Location: Stored Product Insect Research Unit
Title: Formation of rigid, non-flight forewings (elytra)of a bettle requires two major cuticular proteins Authors
|Arakane, Yasuyuki -|
|Lomakin, Joseph -|
|Gehrke, Stevin -|
|Hiromasa, Yasuaki -|
|Tomich, John -|
|Muthukrishnan, Subbaratnam -|
|Kramer, Karl -|
|Kanost, Michael -|
Submitted to: Science
Publication Type: Peer Reviewed Journal
Publication Acceptance Date: March 12, 2012
Publication Date: April 1, 2012
Citation: Arakane, Y., Lomakin, J., Gehrke, S.H., Hiromasa, Y., Tomich, J.M., Muthukrishnan, S., Beeman, R.W., Kramer, K.J., Kanost, M.R. 2012. Formation of rigid, non-flight forewings (elytra)of a bettle requires two major cuticular proteins. Science. 8(4): e1002682. http://dx.doi.org/10.1371/journal.pgen.1002682. Interpretive Summary: Chitinous structures on insects such as the exoskeleton and digestive sac are vital for insect survival and could be exploited by appropriately-targeted biopesticides. We identified two new structural proteins in the red flour beetle exoskeleton that are important for conferring strength and rigidity to the adult cuticle. The proteins are the major protein components of wing covers, but are also found in other rigid portions of the exoskeleton. Absence of the proteins in wing covers through genetic manipulation leads to dehydration and death of the insect. Our ongoing gene discovery efforts in this pest insect continue to reveal new weaknesses that may lead to new methods of insect control.

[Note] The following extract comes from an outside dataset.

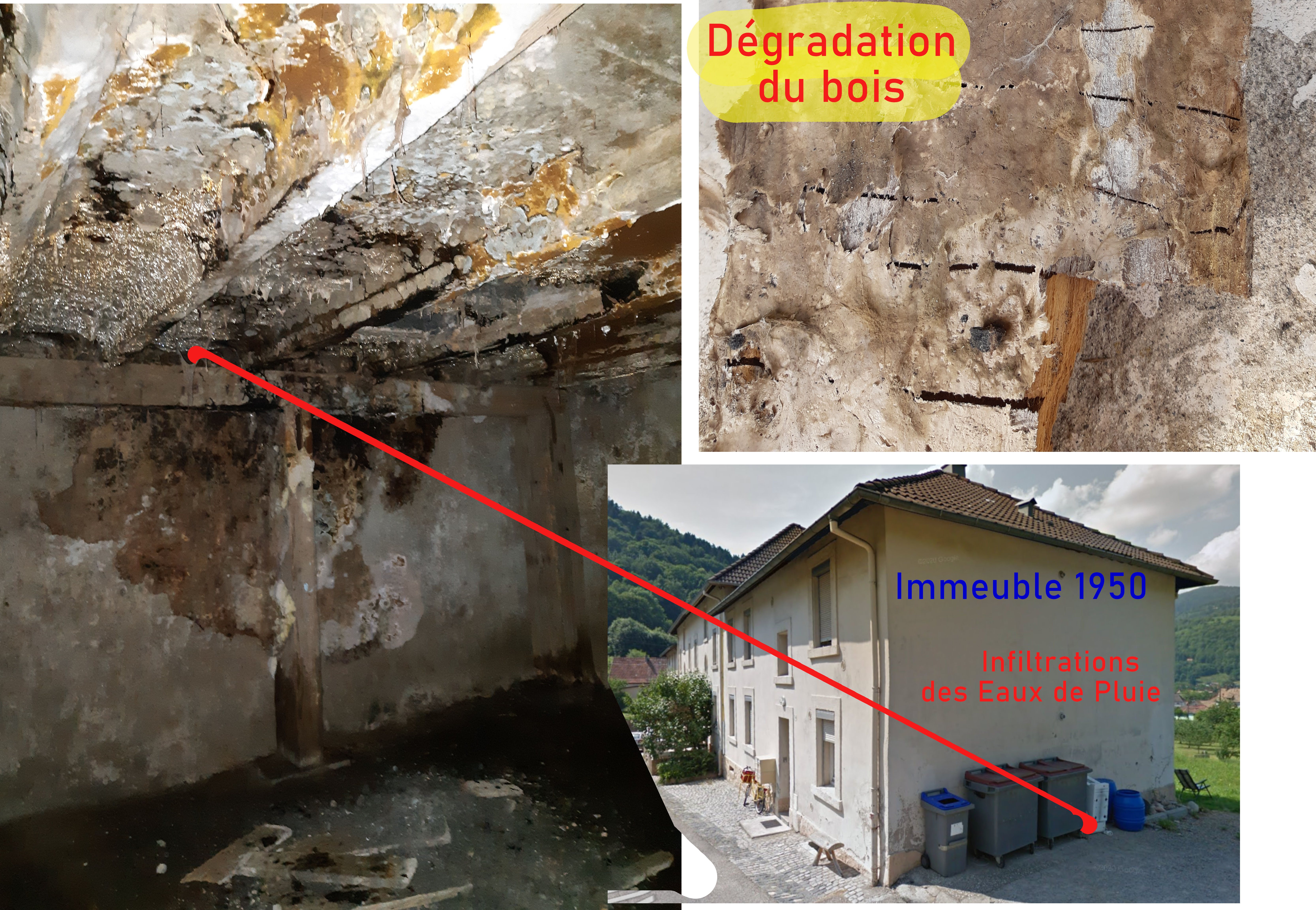 De même, l'entretien et les habitudes des occupants sont ensuite primordiales. Cela se traduit par des désordres du bâtiment, les pathologies en sont multiples.
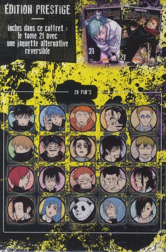 Un contenu haut de gamme, exclusivement destiné à la France, après son exploitation sur le marché japonais ! Le coffret contient : - Le tome 21 Jujutsu Kaisen avec une jaquette alternative réversible - Un set de 20 pin's métalliques réalisés en collaboration avec l'éditeur japonais Résumé : Les affrontements violents font rage dans l'arène de Sendai... Après Megumi et Yuji à Tokyo, c'est à Yuta, l'exorciste le plus brillant de sa génération, d'entrer en scène ! Le voilà aux prises avec trois ennemis aux pouvoirs des plus dévastateurs... De son côté, Kinji rencontre un certain Charles Bernard, un jeune mangaka désabusé qui le supplie de se battre contre lui afin de lui redonner l'inspiration... Il n'en fallait pas plus pour que l'élève de terminale ne déploie son redoutable territoire !

Technical Abstract: Insect cuticle is composed primarily of chitin and structural proteins. To study the function of structural cuticular proteins, we examined proteins present in elytra (modified forewings that become highly sclerotized and pigmented covers for the hindwings) of the red flour beetle, Tribolium castaneum. We identified two highly abundant proteins, TcCPR27 (10 kDa) and TcCPR18 (20 kDa), which are also present in pronotum and ventral abdominal cuticles. Both are members of the Rebers and Riddiford family of cuticular proteins and contain RR2 motifs. Transcripts for both genes dramatically increase in abundance at the pharate adult stage and then decline quickly thereafter. Injection of specific double-stranded RNAs for each gene into penultimate or last instar larvae had no effect on larval-larval, larval-pupal or pupal-adult molting. The elytra of the resulting adults, however, were short, wrinkled, warped and fenestrated. TcCPR27-deficient insects could not fold their hindwings properly and died approximately one week after eclosion, probably because of dehydration. TcCPR18-deficient insects exhibited a similar but less dramatic phenotype. Immunolocalization studies confirmed the presence of TcCPR27 in elytral cuticle. The elytra from both dsTcCPR27- and dsTcCPR18-treated insects were less rigid than those from control insects. These results demonstrate that TcCPR27 and TcCPR18 are major structural proteins in the rigid elytral, dorsal, thoracic and ventral abdominal cuticles of the red flour beetle, and that both proteins are required for morphogenesis of the beetle’s elytra.